**Description of the task**
Write out exactly the lines below that run from the one containing "省人大常委会党组书记、副主任" through the one containing "Grande écharpe multicolore", both included, with no other lines.

──────── Records shown

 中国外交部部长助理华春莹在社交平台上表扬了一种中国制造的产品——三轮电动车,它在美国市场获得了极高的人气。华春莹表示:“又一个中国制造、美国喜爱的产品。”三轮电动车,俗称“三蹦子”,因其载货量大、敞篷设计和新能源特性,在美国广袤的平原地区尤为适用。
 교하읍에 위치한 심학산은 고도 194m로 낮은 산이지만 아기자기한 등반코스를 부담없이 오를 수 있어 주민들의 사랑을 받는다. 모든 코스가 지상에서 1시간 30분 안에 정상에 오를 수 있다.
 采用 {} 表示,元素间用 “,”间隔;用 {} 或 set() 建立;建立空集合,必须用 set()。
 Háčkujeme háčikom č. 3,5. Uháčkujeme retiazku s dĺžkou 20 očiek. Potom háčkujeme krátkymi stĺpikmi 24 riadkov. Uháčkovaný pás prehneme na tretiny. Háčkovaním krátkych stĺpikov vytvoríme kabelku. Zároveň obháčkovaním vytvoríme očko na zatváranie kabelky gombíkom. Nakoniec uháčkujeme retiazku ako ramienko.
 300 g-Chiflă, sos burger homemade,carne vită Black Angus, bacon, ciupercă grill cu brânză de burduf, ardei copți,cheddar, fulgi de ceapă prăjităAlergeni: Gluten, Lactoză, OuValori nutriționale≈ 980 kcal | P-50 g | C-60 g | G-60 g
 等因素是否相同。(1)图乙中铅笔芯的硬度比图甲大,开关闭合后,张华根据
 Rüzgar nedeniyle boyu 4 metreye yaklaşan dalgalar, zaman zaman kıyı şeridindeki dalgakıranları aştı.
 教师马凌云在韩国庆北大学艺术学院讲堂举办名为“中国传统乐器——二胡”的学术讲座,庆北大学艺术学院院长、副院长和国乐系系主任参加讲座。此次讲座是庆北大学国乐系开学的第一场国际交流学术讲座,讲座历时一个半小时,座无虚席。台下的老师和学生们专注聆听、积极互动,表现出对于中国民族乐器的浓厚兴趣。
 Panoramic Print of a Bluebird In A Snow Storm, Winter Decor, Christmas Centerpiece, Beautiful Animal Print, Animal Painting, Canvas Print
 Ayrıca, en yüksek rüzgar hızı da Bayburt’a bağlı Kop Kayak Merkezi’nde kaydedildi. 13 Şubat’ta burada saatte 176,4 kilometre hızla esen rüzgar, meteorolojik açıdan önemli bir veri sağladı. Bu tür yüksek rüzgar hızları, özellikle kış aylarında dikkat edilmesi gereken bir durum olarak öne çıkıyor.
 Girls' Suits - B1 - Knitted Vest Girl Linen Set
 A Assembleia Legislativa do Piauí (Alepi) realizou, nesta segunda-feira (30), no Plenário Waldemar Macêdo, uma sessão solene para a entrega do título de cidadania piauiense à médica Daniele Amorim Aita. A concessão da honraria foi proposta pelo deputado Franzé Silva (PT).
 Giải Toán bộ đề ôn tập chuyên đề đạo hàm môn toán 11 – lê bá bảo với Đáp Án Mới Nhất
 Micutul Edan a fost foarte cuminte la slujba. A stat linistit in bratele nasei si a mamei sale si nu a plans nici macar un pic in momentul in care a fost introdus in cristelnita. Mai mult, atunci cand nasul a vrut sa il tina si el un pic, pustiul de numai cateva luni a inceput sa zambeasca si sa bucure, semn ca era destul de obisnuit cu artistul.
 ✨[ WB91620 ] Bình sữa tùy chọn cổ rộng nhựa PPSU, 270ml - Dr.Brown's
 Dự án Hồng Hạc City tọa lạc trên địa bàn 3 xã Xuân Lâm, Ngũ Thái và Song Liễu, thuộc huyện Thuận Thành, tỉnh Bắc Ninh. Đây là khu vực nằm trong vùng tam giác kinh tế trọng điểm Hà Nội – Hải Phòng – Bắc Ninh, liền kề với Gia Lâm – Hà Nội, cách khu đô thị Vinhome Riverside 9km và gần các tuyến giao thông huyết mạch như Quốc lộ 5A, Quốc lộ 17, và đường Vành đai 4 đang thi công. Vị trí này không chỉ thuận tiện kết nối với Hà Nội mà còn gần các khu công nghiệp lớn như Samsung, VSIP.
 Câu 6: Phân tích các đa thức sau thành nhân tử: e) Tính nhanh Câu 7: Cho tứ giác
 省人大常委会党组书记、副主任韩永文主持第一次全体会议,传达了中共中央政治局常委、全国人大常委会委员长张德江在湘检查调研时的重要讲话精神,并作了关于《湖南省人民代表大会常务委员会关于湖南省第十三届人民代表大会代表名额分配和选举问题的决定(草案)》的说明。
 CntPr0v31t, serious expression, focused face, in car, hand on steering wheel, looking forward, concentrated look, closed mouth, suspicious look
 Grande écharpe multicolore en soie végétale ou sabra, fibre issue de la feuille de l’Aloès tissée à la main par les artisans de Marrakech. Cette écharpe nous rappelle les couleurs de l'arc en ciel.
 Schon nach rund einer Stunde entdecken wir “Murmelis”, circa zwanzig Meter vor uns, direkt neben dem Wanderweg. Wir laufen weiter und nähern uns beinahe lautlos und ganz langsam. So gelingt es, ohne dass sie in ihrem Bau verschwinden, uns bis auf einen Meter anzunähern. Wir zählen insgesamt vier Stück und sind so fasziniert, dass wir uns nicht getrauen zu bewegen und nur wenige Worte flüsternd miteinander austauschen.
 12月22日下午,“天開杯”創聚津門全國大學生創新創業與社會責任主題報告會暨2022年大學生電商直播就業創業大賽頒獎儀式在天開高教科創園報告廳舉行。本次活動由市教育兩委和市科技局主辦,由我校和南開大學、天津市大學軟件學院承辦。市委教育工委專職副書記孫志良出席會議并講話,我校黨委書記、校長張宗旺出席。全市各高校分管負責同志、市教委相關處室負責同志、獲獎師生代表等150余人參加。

────────────────

**Answer to this problem**
 省人大常委会党组书记、副主任韩永文主持第一次全体会议,传达了中共中央政治局常委、全国人大常委会委员长张德江在湘检查调研时的重要讲话精神,并作了关于《湖南省人民代表大会常务委员会关于湖南省第十三届人民代表大会代表名额分配和选举问题的决定(草案)》的说明。
 CntPr0v31t, serious expression, focused face, in car, hand on steering wheel, looking forward, concentrated look, closed mouth, suspicious look
 Grande écharpe multicolore en soie végétale ou sabra, fibre issue de la feuille de l’Aloès tissée à la main par les artisans de Marrakech. Cette écharpe nous rappelle les couleurs de l'arc en ciel.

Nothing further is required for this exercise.